Annnnnd now I'm stuck. :) How would you go from that to those two formulas? Or maybe I'm headed in the wrong direction...
 
Last edited by a moderator:
Mathematics news on Phys.org
  • #2
Finding a, b so that y= ax+ b gives the "least squares" best fit to the set of points [itex](x_i, y_i)[/itex] means "solving" the equations [itex]y_i= ax_i+ b[/itex] for all i. That is equivalent to the matrix equation Ax= y or
[tex]\begin{bmatrix}x_1 & 1 \\ x_2 & 1 \\ \cdot & \cdot \\ \cdot & \cdot \\ \cdot & \cdot \\ x_n & 1\end{bmatrix}\begin{bmatrix} a \\ b\end{bmatrix}= \begin{bmatrix} y_1 \\ y_2 \\ \cdot \\ \cdot \\ \cdot \\ y_n\end{bmatrix}[/tex]
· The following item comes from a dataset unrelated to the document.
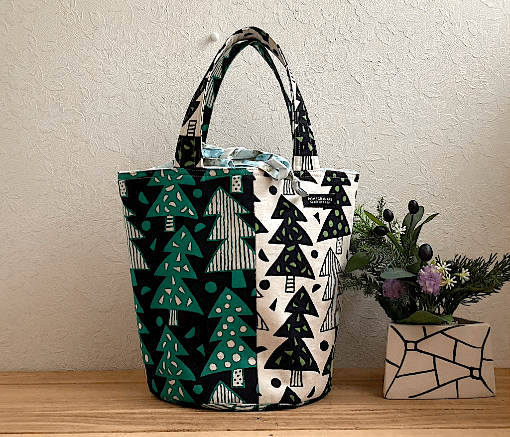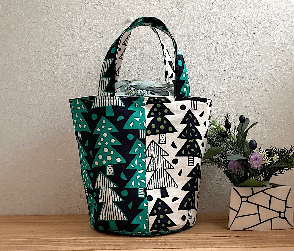 ★丸底 バケツ型 巾着トートバッグ「ツリー 木」※表布に厚手接着芯貼付

Now that is a linear transformation from [itex]R^2[/itex] to [itex]R^n[/itex] and so its image is a 2 dimensional subspace of [itex]R^n[/itex]. If the vector
[tex]\begin{bmatrix} y_1 \\ y_2 \\ \cdot \\ \cdot \\ \cdot \\ y_n\end{bmatrix}[/tex]
happens to lie in that subspace, that is, if the points happen to lie on a straight line, then there would be a precise solution. If not, then then you are looking for the <a, b> that comes closest to that. Geometrically, you can find that solution vector by dropping a perpendicular from y to that two dimensional subspace. If [itex]\overline{x}[/itex] gives that "optimal" solution, that is, if [itex]A\overline{x}[/itex] is closest to y, then [itex]A\overline{x}- y[/itex] is perpendicular to that two dimensional subspace, the space of all [itex]Ax[/itex]. That means that, for any A, the inner product [itex]<Ax, A\overline{x}- y>= 0[/itex].
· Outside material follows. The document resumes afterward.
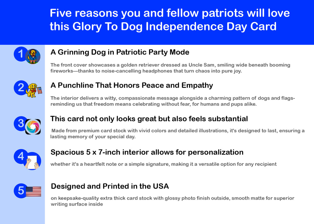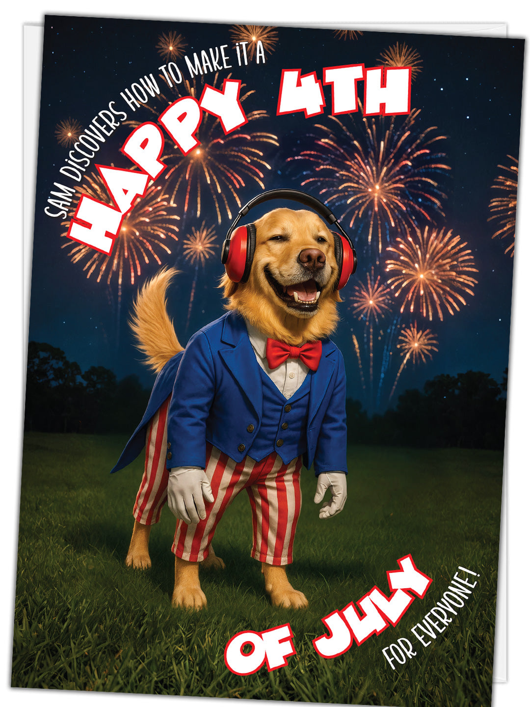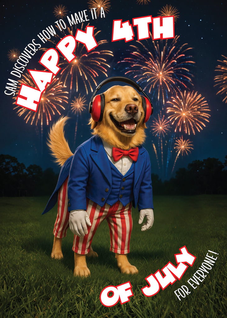 The front cover of this 4th of July card brings humor and heart together in a big, bold way. A grinning golden retriever steals the show in full Uncle Sam attire—red bowtie, blue jacket, and patriotic pants—while fireworks burst behind him. But it’s his oversized red noise-cancelling headphones that make this image iconic. The caption, “Sam discovers how to make it a Happy 4th… for everyone,” sets the tone for a celebration that includes even the most sensitive among us.

Now the "adjoint" of A, [itex]A^+[/itex], has the property that [itex]<Ax, y>= <x, A^+y>[/itex] so here we have [itex]<Ax, A\overline{x}- y>= <x, A^+(A\overline{x}- y)>[/itex][itex]=<x, A^+A\overline{x}- A^+y>= 0[/itex]. But since that is true for all x in R2, we must have [itex]A^+A\overline{x}- A^+y= 0[/itex] or [itex]A^+A\overline{x}= A^+y[/itex].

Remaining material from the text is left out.